Attacking Transformers with Feature Diversity Adversarial Perturbation 利用特征多样性逆向扰动攻击变压器

ArXiv

Pub Date : 2024-03-10 DOI: 10.1609/aaai.v38i3.27947

Chenxing Gao, Hang Zhou, Junqing Yu, Yuteng Ye, Jiale Cai, Junle Wang, Wei Yang

Understanding the mechanisms behind Vision Transformer (ViT), particularly its vulnerability to adversarial perturbations, is crucial for addressing challenges in its real-world applications. Existing ViT adversarial attackers rely on labels to calculate the gradient for perturbation, and exhibit low transferability to other structures and tasks. In this paper, we present a label-free white-box attack approach for ViT-based models that exhibits strong transferability to various black-box models, including most ViT variants, CNNs, and MLPs, even for models developed for other modalities. Our inspiration comes from the feature collapse phenomenon in ViTs, where the critical attention mechanism overly depends on the low-frequency component of features, causing the features in middle-to-end layers to become increasingly similar and eventually collapse. We propose the feature diversity attacker to naturally accelerate this process and achieve remarkable performance and transferability.

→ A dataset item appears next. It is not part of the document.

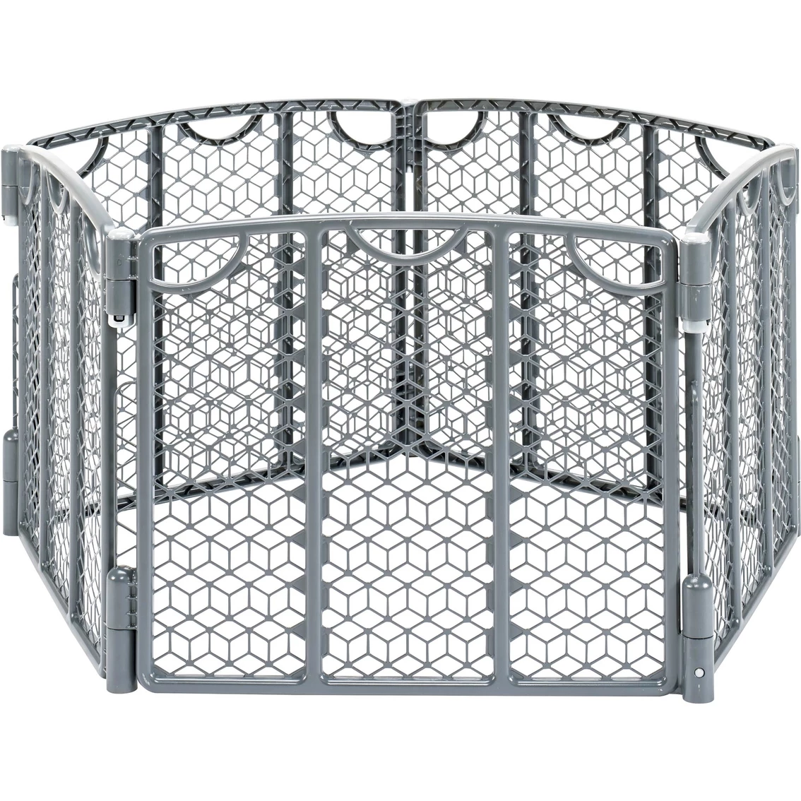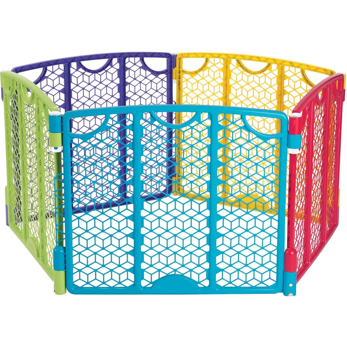 Designed for both indoor and outdoor versatility, the Versatile Play Space from Evenflo offers over 18.5 square feet of safe, enclosed fun! Exclusive reversible legs have outdoor stakes for lawn stability and anti-movement/non-scratch floor pads for any interior floor surface. Quick and easy set up and fold, with a unique hinge design – simply unfold and connect together the six interlocking UV weather resistant panels. Smooth edges and molded handle making it easy to take anywhere for safety on the go. No tools required!

了解视觉变换器（ViT）背后的机制，特别是它在对抗性扰动面前的脆弱性，对于应对其在现实世界应用中的挑战至关重要。现有的 ViT 对抗性攻击依赖于标签来计算扰动梯度，对其他结构和任务的可移植性较低。在本文中，我们针对基于 ViT 的模型提出了一种无标签白箱攻击方法，这种方法对各种黑箱模型（包括大多数 ViT 变体、CNN 和 MLP）具有很强的可移植性，甚至对为其他模态开发的模型也是如此。我们的灵感来自于 ViT 中的特征坍塌现象，即临界注意力机制过度依赖于特征的低频分量，导致中层到末层的特征越来越相似，最终坍塌。我们提出了特征多样性攻击器，以自然地加速这一过程，并实现显著的性能和可移植性。

引用次数: 0

FARPLS: A Feature-Augmented Robot Trajectory Preference Labeling System to Assist Human Labelers' Preference Elicitation FARPLS：特征增强型机器人轨迹偏好标注系统辅助人类标注者的偏好激发

ArXiv

Pub Date : 2024-03-10 DOI: 10.1145/3640543.3645145

Hanfang Lyu, Yuanchen Bai, Xin Liang, Ujaan Das, Chuhan Shi, Leiliang Gong, Yingchi Li, Mingfei Sun, Ming Ge, Xiaojuan Ma

Preference-based learning aims to align robot task objectives with human values. One of the most common methods to infer human preferences is by pairwise comparisons of robot task trajectories. Traditional comparison-based preference labeling systems seldom support labelers to digest and identify critical differences between complex trajectories recorded in videos. Our formative study (N = 12) suggests that individuals may overlook non-salient task features and establish biased preference criteria during their preference elicitation process because of partial observations. In addition, they may experience mental fatigue when given many pairs to compare, causing their label quality to deteriorate. To mitigate these issues, we propose FARPLS, a Feature-Augmented Robot trajectory Preference Labeling System. FARPLS highlights potential outliers in a wide variety of task features that matter to humans and extracts the corresponding video keyframes for easy review and comparison. It also dynamically adjusts the labeling order according to users' familiarities, difficulties of the trajectory pair, and level of disagreements. At the same time, the system monitors labelers' consistency and provides feedback on labeling progress to keep labelers engaged. A between-subjects study (N = 42, 105 pairs of robot pick-and-place trajectories per person) shows that FARPLS can help users establish preference criteria more easily and notice more relevant details in the presented trajectories than the conventional interface. FARPLS also improves labeling consistency and engagement, mitigating challenges in preference elicitation without raising cognitive loads significantly

基于偏好的学习旨在使机器人的任务目标与人类的价值观保持一致。推断人类偏好的最常用方法之一是对机器人任务轨迹进行成对比较。传统的基于比较的偏好标记系统很少支持标记者消化和识别视频中记录的复杂轨迹之间的关键差异。我们的形成性研究（N = 12）表明，在偏好激发过程中，由于观察不全面，人类可能会忽略非刺激性任务特征，并建立有偏差的偏好标准。此外，当需要比较多对标签时，他们可能会产生心理疲劳，导致标签质量下降。为了缓解这些问题，我们提出了特征增强机器人轨迹偏好标签系统 FARPLS。FARPLS 可突出显示对人类至关重要的各种任务特征中的潜在异常值，并提取相应的视频关键帧，以便于查看和比较。它还会根据用户的熟悉程度、轨迹对的难度和分歧程度动态调整标签顺序。与此同时，系统还能监控标注者的一致性，并提供标注进度反馈，以保持标注者的参与度。一项主体间研究（N = 42，每人 105 对机器人拾放轨迹）表明，与传统界面相比，FARPLS 可以帮助用户更容易地建立偏好标准，并注意到所显示轨迹中更多的相关细节。FARPLS 还能提高标注的一致性和参与度，在不显著增加认知负荷的情况下减轻偏好激发方面的挑战。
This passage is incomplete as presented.